Когда мама с бабой сильно ругаются, мама ложится спать на отдельном диванчике, на котором обычно спит бабушка. А Ксюше приходится спать на большом раскладном диване с бабой. Она терпеть не может спать с бабой. Потому что та громко храпит, еще губой пришлепывает. Мама говорит, что баба храпит как трактор. Ксюша, когда засыпает, ворочается, а баба на нее ругается: «Чего крутишься, как червяк? Ну хватит уже, спи!» Ксюша бы рада, да только никак не найти удобное положение. На боку устала лежать, на спине никак не засыпается. Наконец повернется на живот, обнимет подушку и провалится в сон. А через мгновение яркий свет, ее кто-то тормошит: «Ксеня, Ксень, вставай, в садик собираться». Как же так? Только же вот была ночь и она засыпала — и уже в садик! Еще от бабы не так вкусно, как от мамы, пахнет. Кислым пахнет, пылью. Баба старая. Ксюша не знает, как это объяснить, но ей неприятно, что баба такая старая и морщинистая, и кожа у нее пожухлая, и волосы не такие, как у мамы. Ей неприятно, что баба — это не мама. Мама не храпит. Мама перед сном Ксюшу гладит по голове — недолго, пару раз проведет, но этого хватает, чтоб Ксюша поскорее заснула.

Опять она лежит и смотрит в темноту комнаты. Вглядывается пристальнее, начинает различать контуры предметов, мебели. Вон шкаф, вон телевизор, вон еще шкаф. Комод с вещами, стол, диван, где мама. Цветы на подоконнике. Интересно, мама уже заснула или нет? Ксюша подумала: что, если забраться к ней? Взять подушку. Одеяло не получится: одно на двоих, и баба перетянула на себя большую часть. Ну и ладно. Им с мамой хватит небольшого одеялка, потому что они обе маленькие — гораздо меньше бабушки.
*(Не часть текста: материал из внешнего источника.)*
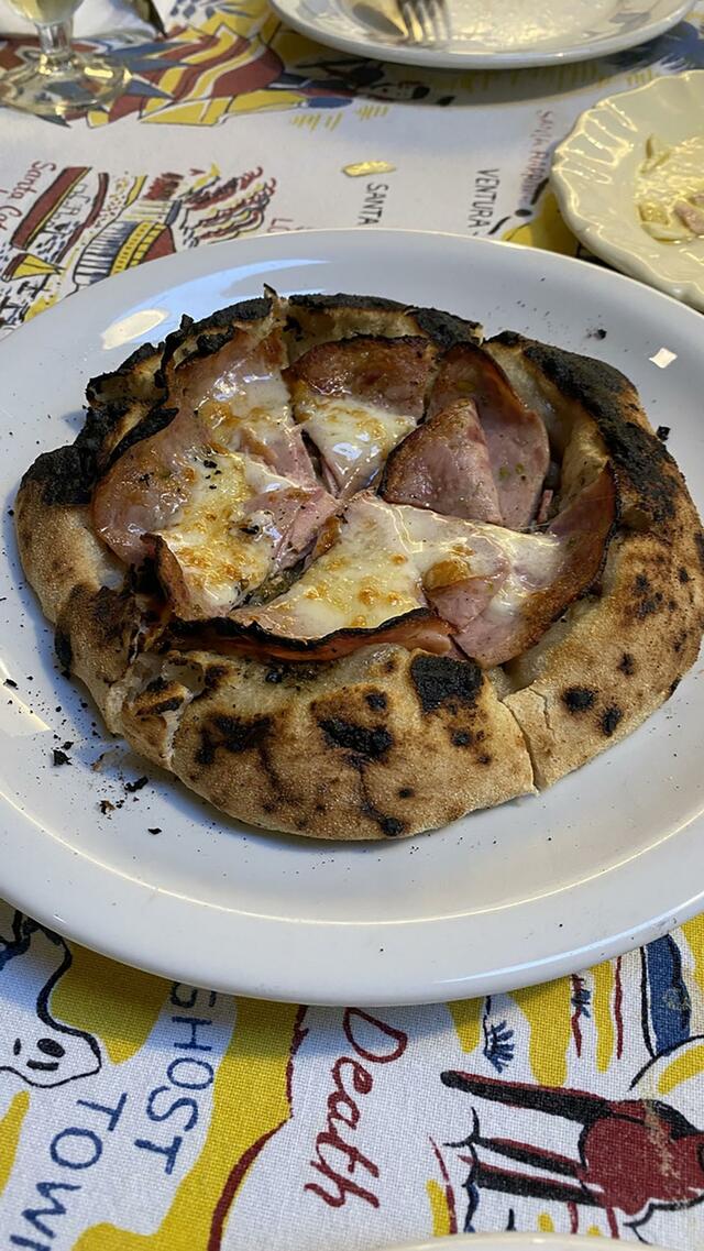 一昨日、竹内さんからいただいてきたハムのPizzaを窯の中でさっと焼いて。

А потом Ксюша решила, резко и неожиданно, что хочет спать одна. На том самом раскладном диванчике. Не с мамой, не с бабой, а одна. Мама и баба пусть тут спят, вдвоем, пусть это мама ворочается, а баба ворчит на нее, пусть мама слушает бабин храп прямо под ухом. Пусть они вдвоем тут...

Ксюша засыпает и не успевает придумать дальше. Она ничего не успевает придумать перед сном. А обычно фантазирует, что живет в красивом доме с какими-то другими красивыми девочками, только все равно Ксюша там самая красивая и главная. Там нет бабы и мамы тоже нет. Они живут где-то в другом месте. Еще у Ксюши есть волшебные способности, она умеет летать и является самой сильной в мире волшебницей. И ее все-все любят. У Ксюши своя косметика — такая же, как у мамы, только еще больше, и флаконы с духами — ими заставлено все зеркало в ее комнате. Еще иногда в гости приходит мальчик, очень красивый, Ксюша не может его точно представить, потому что его не существует. Она вспоминает лица актеров, чтобы примерить их к его лицу. Когда она вырастет, то выйдет за него замуж. Когда она вырастет, то не будет жить с мамой и бабой. Но куда они денутся? Найдут свой собственный красивый дом.

* * *

Молодая женщина толкает вперед корзинку с продуктами и сверяется со списком. Что еще купить? Творог, сыр какой-нибудь приличный, виноград (под вопросом), зелень. Может, еще бутылку вина? Она не знает, какое лучше выбрать. Ладно, обойдемся, дорого. Куда она, блин, подевалась? Женщина оглядывается вокруг, ищет кого-то взглядом, недовольно цокает языком и катит тележку дальше.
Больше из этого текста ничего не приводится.